● **WHAT YOU HAVE TO DO**:
An unchanged copy of every record below, without pictures, is the goal.

● **Extracted data entries**:
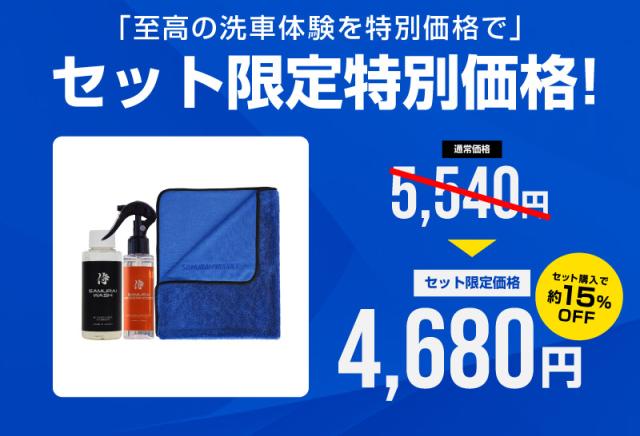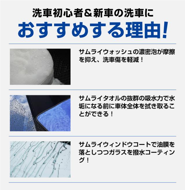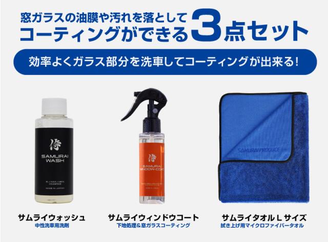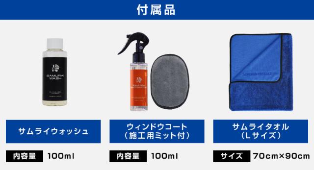 【セット割】サムライウォッシュ 濃密泡カーシャンプー&サムライウィンドウコート 100ml&超吸水サムライタオル Lサイズ 70cm×90cm
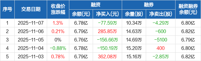 华润双鹤:融资净偿还77.59万元,融资余额6.78亿元(11-07)
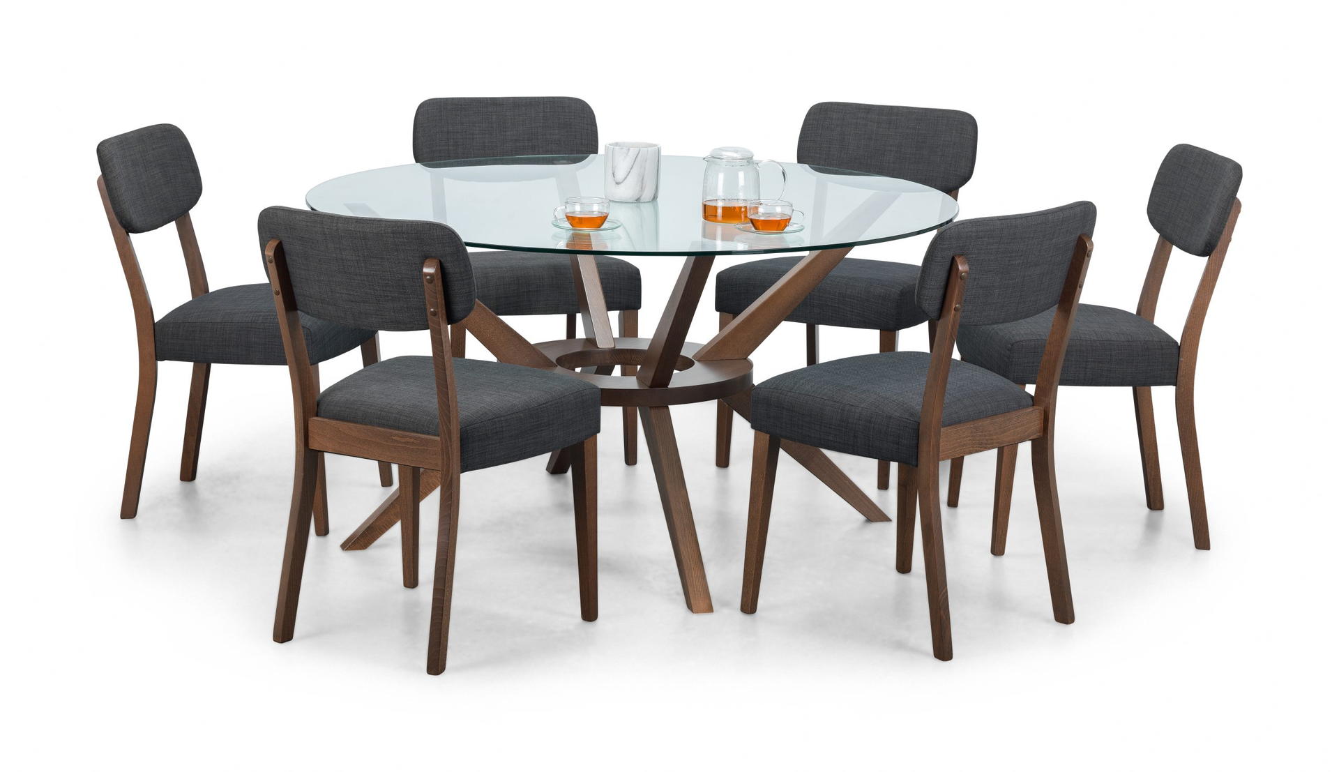 Offering hints of retro and Scandinavian designs, the Farringdon Dining Chair brings a touch of mid-century sophistication through a fashionable combination of shapes and forms. Upholstered in a grey linen fabric, this dining chair features an open back seat finished with a rich walnut frame. Perfect match for the Farringdon Round Dining Table.
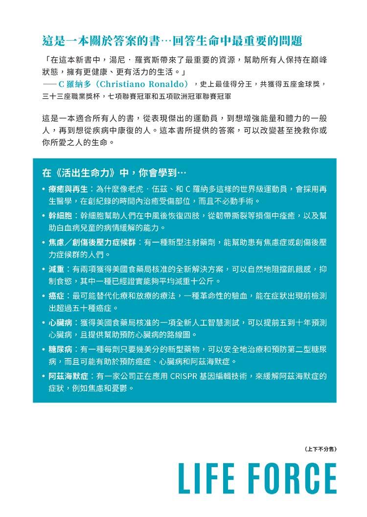 在《活出生命力》一書中,湯尼‧羅賓斯介紹了一百多位世界頂級醫學人士最新的研究結果、鼓舞人心的再生故事以及精準醫學的驚人進展,為讀者打造了全面解易讀的健康地圖。所有想要提升健康和活力,延長健康壽命的人,都可以按圖索驥,找到適合自己的解答和延長壽命的秘訣。
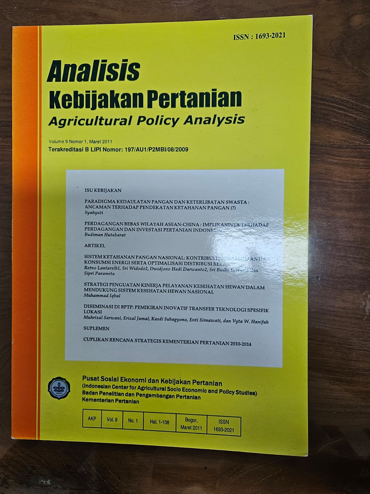 | Penerbitan | Bogor : Pusat Sosial Ekonomi dan Kebijakan Pertanian, 2011 |
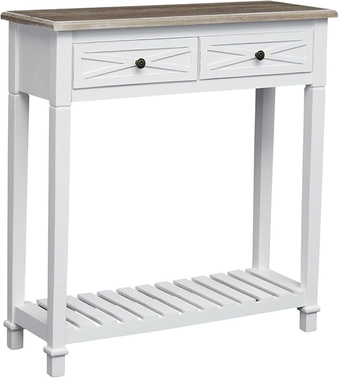 Kinfant Modern Console End Table with 2 Drawer and Storage Shelf for Entryway Living Room Hallway, White
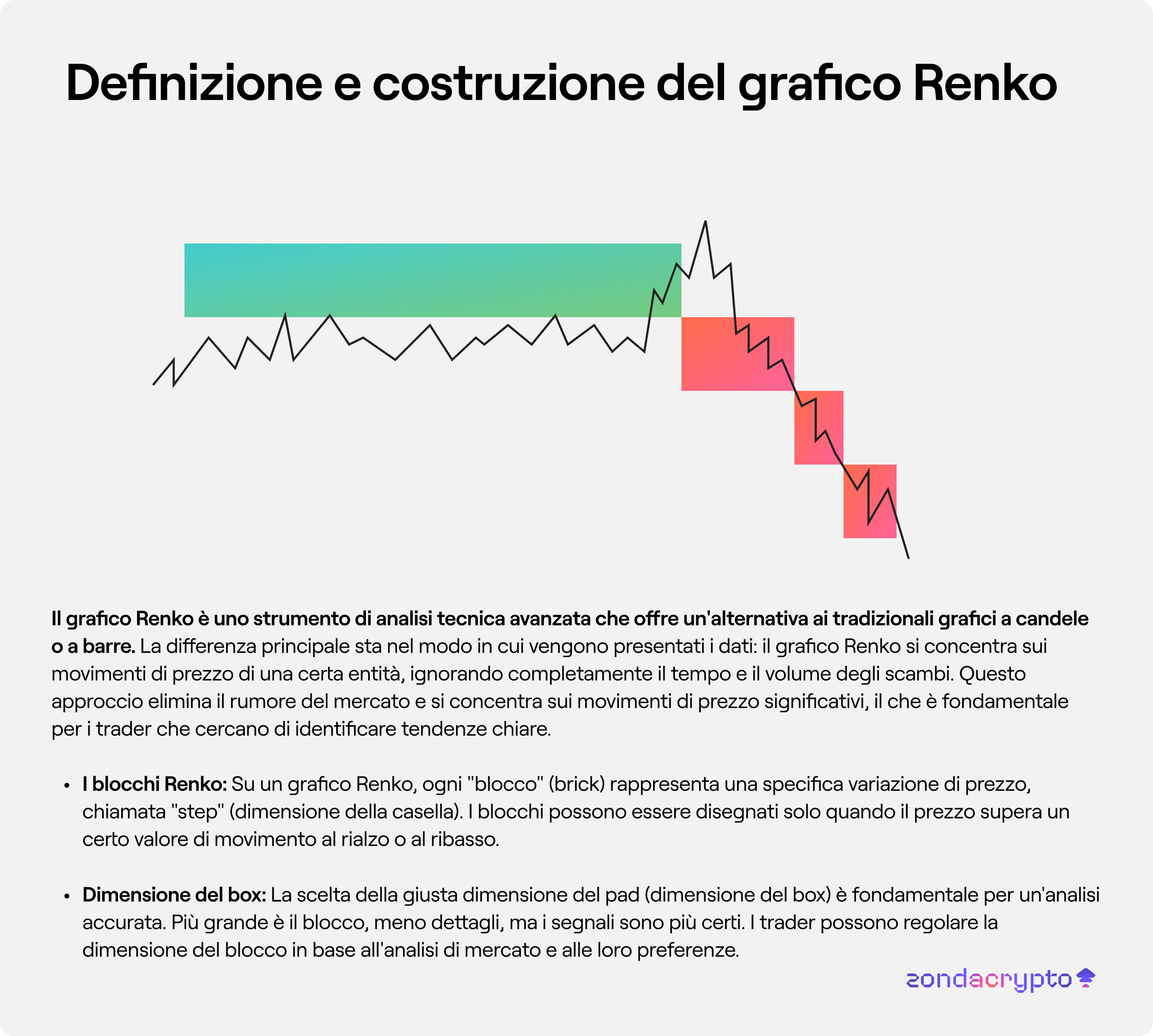 I blocchi Renko: Su un grafico Renko, ogni "blocco" (brick) rappresenta una specifica variazione di prezzo, chiamata "step" (dimensione della casella). I blocchi possono essere disegnati solo quando il prezzo supera un certo valore di movimento al rialzo o al ribasso.
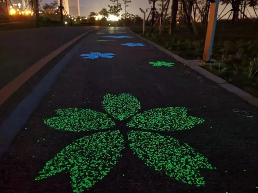 針對綠道的發(fā)展,近些年我們開發(fā)了一系列的發(fā)光碎石、發(fā)光鵝卵石和發(fā)光標(biāo)志,還針對綠道路面開發(fā)了專用彈性體發(fā)光顆粒等園林綠道用的長余輝發(fā)光產(chǎn)品?,F(xiàn)在已經(jīng)在全國范圍鋪開,效果也不錯,接受度是越來越高了。
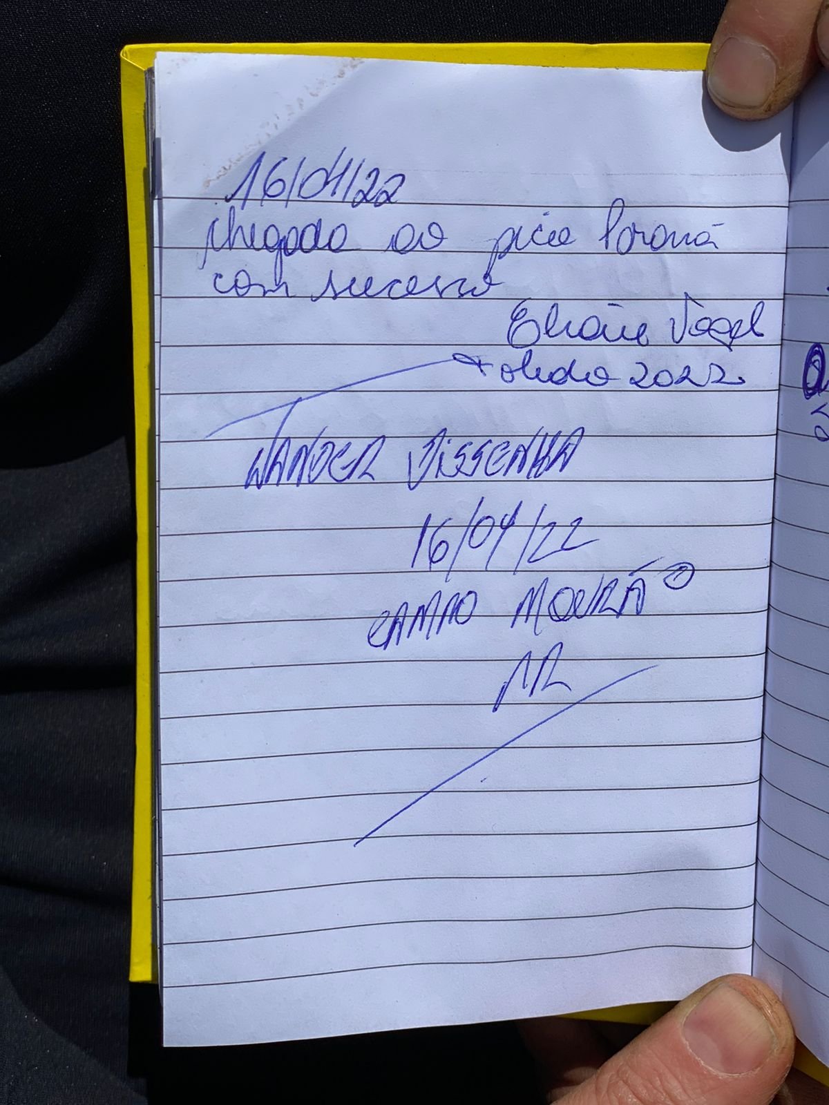 Seguimos em frente e exatamente às 10h40min chegamos no cume do Pico Paraná. Estávamos no ponto culminante do sul do Brasil, sob um sol que se não era dos mais quentes, servia para queimar um pouco nossa pele. Era minha terceira vez no cume do PP e a primeira vez da Eliane. Estava mais cansado do que ela e com as dores nas costas não curti tanto estar ali no cume, como curti das outras duas vezes que ali cheguei. Nos sentamos numa pedra e enquanto descansávamos ficamos curtindo a linda paisagem em volta. Também aproveitamos para lanchar, beber água e dividir um Gatorade. E registramos nossos nomes no caderno de cume, que fica numa caixinha em cima de uma pedra. Estava preocupado com minhas dores, já pensando na descida. Sabia que descer com dor seria complicado e nos atrasaria. Outra preocupação era com relação a minha lanterna, pois sabia que ela não teria bateria suficiente para descer no escuro caso nosso atraso na descida fosse grande e o escuro nos alcançasse antes do previsto. Não externei muito minhas preocupações para a Eliane, pois não tinha porque deixá-la preocupada naquele momento. Queria que ela curtisse sua conquista e aproveitasse ao máximo os minutos que ficaria ali no cume. A descida e seus problemas, deixaria para me preocupar conforme eles acontecessem.
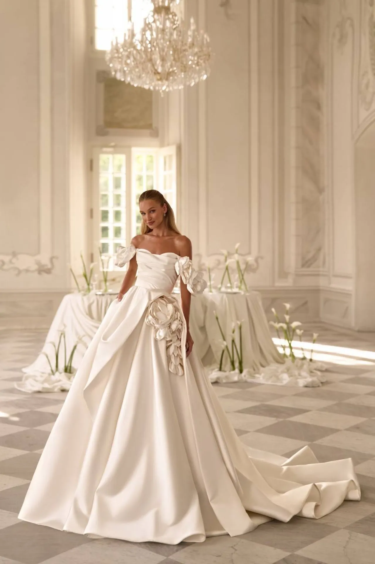 Une robe princesse volumineuse n’est pas lourde, contrairement à l’idée que l’on peut s’en faire. Les tissus actuels permettent d’avoir un volume aérien, presque léger. Le tulle donne de l’ampleur sans peser ; certains satins créent un bel arrondi ; les jupes en couches superposées permettent un mouvement naturel très photogénique.
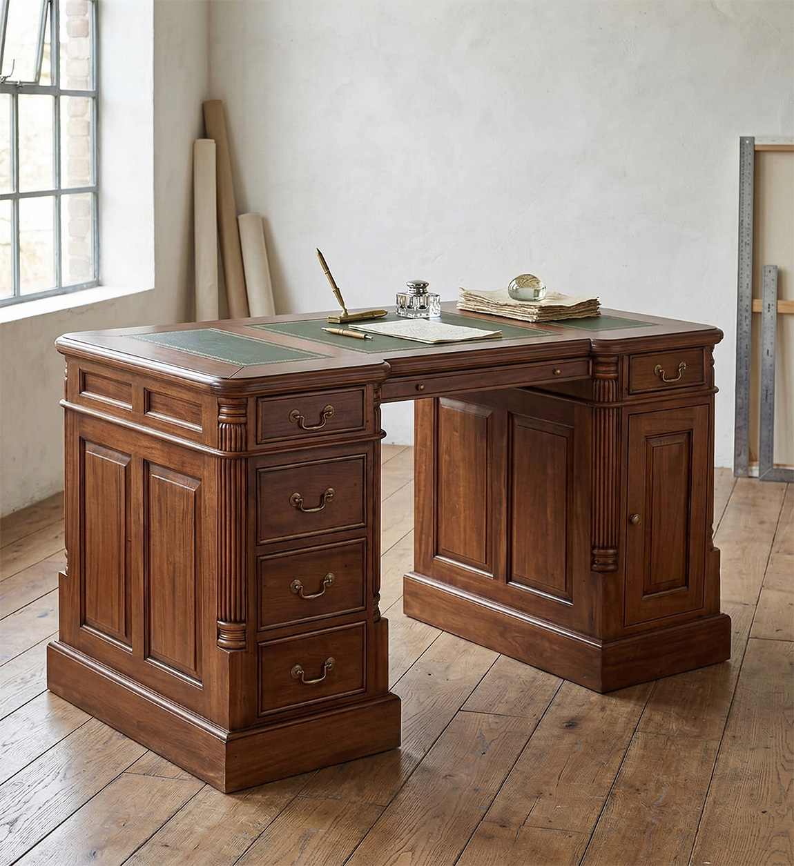 BUREAU VICTORIAN 6 TIROIRS 1 PORTE 140*70*78
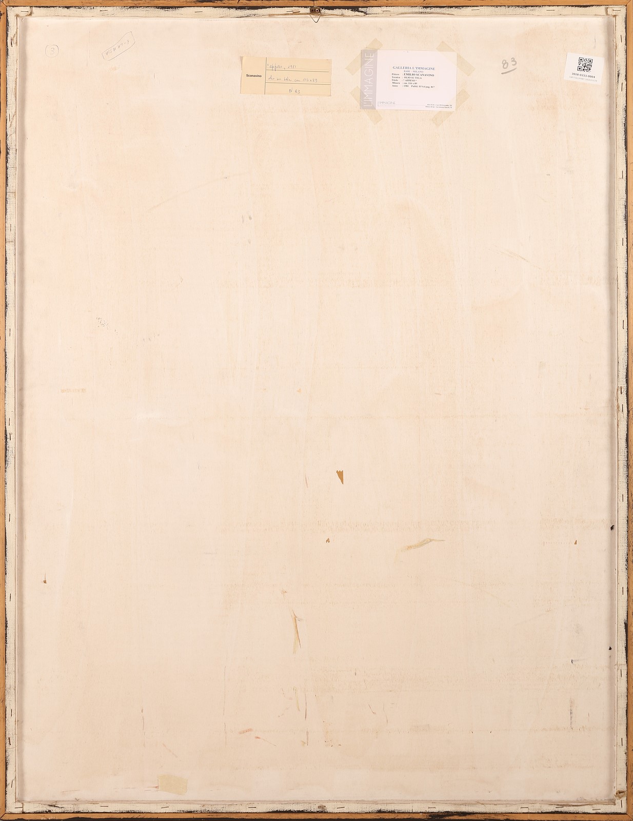 SCANAVINO EMILIO (1922 - 1986) Appeso. . 1981. Olio su tela tamburata. Cm 89,00 x 116,00. Al retro cartiglio descrittivo Galleria l'immagine e cartiglio descrittivo dell'artista. Autentica su fotografia di Giorgina Scanavino. Pubblicazioni: Catalogo generale delle opere di Emilio Scanavino a cura di Giorgina Scanavino e Carlo Pirovano, Volume II, Ed. Electa, numero 1981 - 126. Presenti lievi difetti. Cornice presente

● **ANSWER TO THE EXERCISE**:
 【セット割】サムライウォッシュ 濃密泡カーシャンプー&サムライウィンドウコート 100ml&超吸水サムライタオル Lサイズ 70cm×90cm
 华润双鹤:融资净偿还77.59万元,融资余额6.78亿元(11-07)
 Offering hints of retro and Scandinavian designs, the Farringdon Dining Chair brings a touch of mid-century sophistication through a fashionable combination of shapes and forms. Upholstered in a grey linen fabric, this dining chair features an open back seat finished with a rich walnut frame. Perfect match for the Farringdon Round Dining Table.
 在《活出生命力》一書中,湯尼‧羅賓斯介紹了一百多位世界頂級醫學人士最新的研究結果、鼓舞人心的再生故事以及精準醫學的驚人進展,為讀者打造了全面解易讀的健康地圖。所有想要提升健康和活力,延長健康壽命的人,都可以按圖索驥,找到適合自己的解答和延長壽命的秘訣。
 | Penerbitan | Bogor : Pusat Sosial Ekonomi dan Kebijakan Pertanian, 2011 |
 Kinfant Modern Console End Table with 2 Drawer and Storage Shelf for Entryway Living Room Hallway, White
 I blocchi Renko: Su un grafico Renko, ogni "blocco" (brick) rappresenta una specifica variazione di prezzo, chiamata "step" (dimensione della casella). I blocchi possono essere disegnati solo quando il prezzo supera un certo valore di movimento al rialzo o al ribasso.
 針對綠道的發(fā)展,近些年我們開發(fā)了一系列的發(fā)光碎石、發(fā)光鵝卵石和發(fā)光標(biāo)志,還針對綠道路面開發(fā)了專用彈性體發(fā)光顆粒等園林綠道用的長余輝發(fā)光產(chǎn)品?,F(xiàn)在已經(jīng)在全國范圍鋪開,效果也不錯,接受度是越來越高了。
 Seguimos em frente e exatamente às 10h40min chegamos no cume do Pico Paraná. Estávamos no ponto culminante do sul do Brasil, sob um sol que se não era dos mais quentes, servia para queimar um pouco nossa pele. Era minha terceira vez no cume do PP e a primeira vez da Eliane. Estava mais cansado do que ela e com as dores nas costas não curti tanto estar ali no cume, como curti das outras duas vezes que ali cheguei. Nos sentamos numa pedra e enquanto descansávamos ficamos curtindo a linda paisagem em volta. Também aproveitamos para lanchar, beber água e dividir um Gatorade. E registramos nossos nomes no caderno de cume, que fica numa caixinha em cima de uma pedra. Estava preocupado com minhas dores, já pensando na descida. Sabia que descer com dor seria complicado e nos atrasaria. Outra preocupação era com relação a minha lanterna, pois sabia que ela não teria bateria suficiente para descer no escuro caso nosso atraso na descida fosse grande e o escuro nos alcançasse antes do previsto. Não externei muito minhas preocupações para a Eliane, pois não tinha porque deixá-la preocupada naquele momento. Queria que ela curtisse sua conquista e aproveitasse ao máximo os minutos que ficaria ali no cume. A descida e seus problemas, deixaria para me preocupar conforme eles acontecessem.
 Une robe princesse volumineuse n’est pas lourde, contrairement à l’idée que l’on peut s’en faire. Les tissus actuels permettent d’avoir un volume aérien, presque léger. Le tulle donne de l’ampleur sans peser ; certains satins créent un bel arrondi ; les jupes en couches superposées permettent un mouvement naturel très photogénique.
 BUREAU VICTORIAN 6 TIROIRS 1 PORTE 140*70*78
 SCANAVINO EMILIO (1922 - 1986) Appeso. . 1981. Olio su tela tamburata. Cm 89,00 x 116,00. Al retro cartiglio descrittivo Galleria l'immagine e cartiglio descrittivo dell'artista. Autentica su fotografia di Giorgina Scanavino. Pubblicazioni: Catalogo generale delle opere di Emilio Scanavino a cura di Giorgina Scanavino e Carlo Pirovano, Volume II, Ed. Electa, numero 1981 - 126. Presenti lievi difetti. Cornice presente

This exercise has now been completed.